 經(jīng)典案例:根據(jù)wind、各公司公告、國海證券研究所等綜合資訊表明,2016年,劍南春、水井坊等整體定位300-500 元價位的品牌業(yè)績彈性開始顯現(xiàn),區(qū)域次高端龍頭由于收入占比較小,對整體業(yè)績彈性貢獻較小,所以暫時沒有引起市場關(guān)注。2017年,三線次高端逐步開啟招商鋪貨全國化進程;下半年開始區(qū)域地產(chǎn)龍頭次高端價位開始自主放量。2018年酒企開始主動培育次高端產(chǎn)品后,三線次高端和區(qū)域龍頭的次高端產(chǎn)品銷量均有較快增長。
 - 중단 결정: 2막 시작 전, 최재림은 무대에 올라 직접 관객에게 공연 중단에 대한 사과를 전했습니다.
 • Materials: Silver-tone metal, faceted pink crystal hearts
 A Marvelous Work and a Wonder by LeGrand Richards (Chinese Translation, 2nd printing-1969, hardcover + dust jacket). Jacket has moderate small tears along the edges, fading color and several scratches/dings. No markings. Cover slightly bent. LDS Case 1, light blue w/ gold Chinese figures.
######
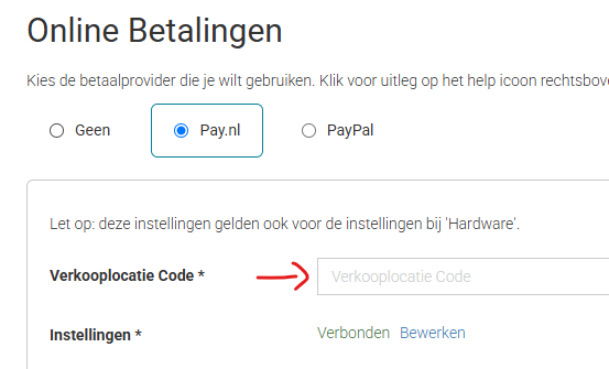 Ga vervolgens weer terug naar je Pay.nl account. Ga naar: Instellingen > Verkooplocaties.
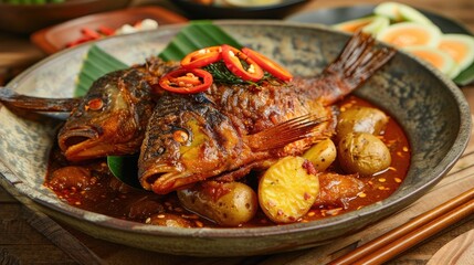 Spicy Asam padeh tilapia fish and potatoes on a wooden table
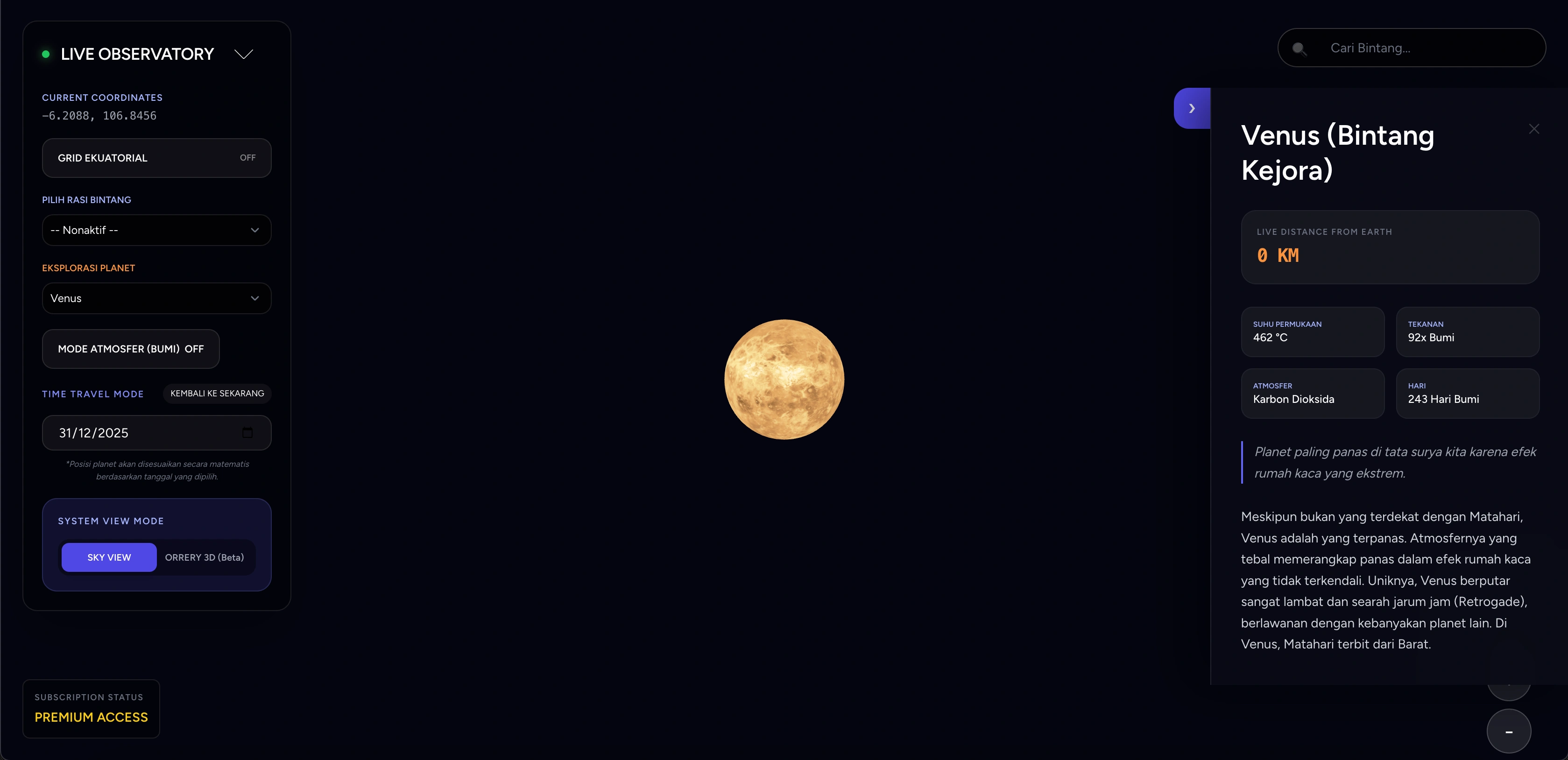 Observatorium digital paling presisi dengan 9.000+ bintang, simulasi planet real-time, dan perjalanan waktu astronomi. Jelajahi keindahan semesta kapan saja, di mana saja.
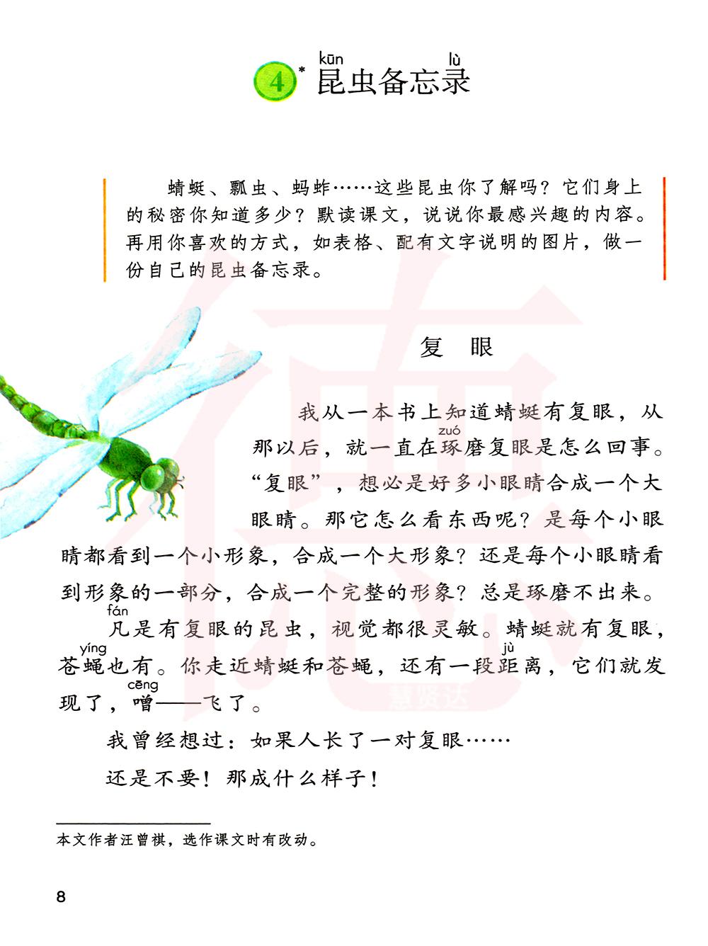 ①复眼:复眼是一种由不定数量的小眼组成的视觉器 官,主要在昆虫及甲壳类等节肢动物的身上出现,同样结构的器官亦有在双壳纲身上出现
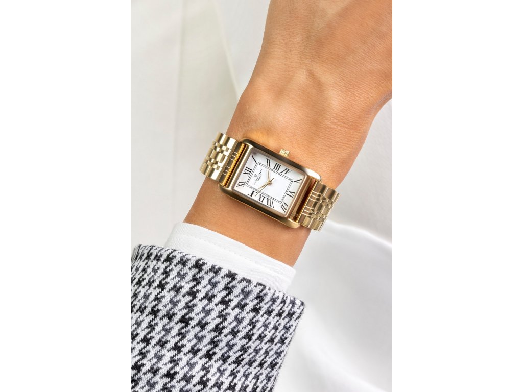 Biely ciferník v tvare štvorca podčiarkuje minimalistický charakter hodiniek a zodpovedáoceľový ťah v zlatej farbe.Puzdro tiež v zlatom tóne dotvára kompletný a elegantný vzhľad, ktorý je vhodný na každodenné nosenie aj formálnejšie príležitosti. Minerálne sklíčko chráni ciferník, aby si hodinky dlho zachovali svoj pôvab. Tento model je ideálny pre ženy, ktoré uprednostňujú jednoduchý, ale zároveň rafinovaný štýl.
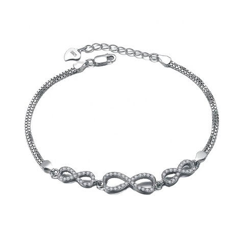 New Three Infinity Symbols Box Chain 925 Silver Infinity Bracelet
######
** Goal of the exercise **
What's needed is an exact copy of the records above from the line containing "①复眼:复眼是一种由不定数量" down to the line containing "New Three Infinity", both included, without any pictures.

** Completed task **
 ①复眼:复眼是一种由不定数量的小眼组成的视觉器 官,主要在昆虫及甲壳类等节肢动物的身上出现,同样结构的器官亦有在双壳纲身上出现
 Biely ciferník v tvare štvorca podčiarkuje minimalistický charakter hodiniek a zodpovedáoceľový ťah v zlatej farbe.Puzdro tiež v zlatom tóne dotvára kompletný a elegantný vzhľad, ktorý je vhodný na každodenné nosenie aj formálnejšie príležitosti. Minerálne sklíčko chráni ciferník, aby si hodinky dlho zachovali svoj pôvab. Tento model je ideálny pre ženy, ktoré uprednostňujú jednoduchý, ale zároveň rafinovaný štýl.
 New Three Infinity Symbols Box Chain 925 Silver Infinity Bracelet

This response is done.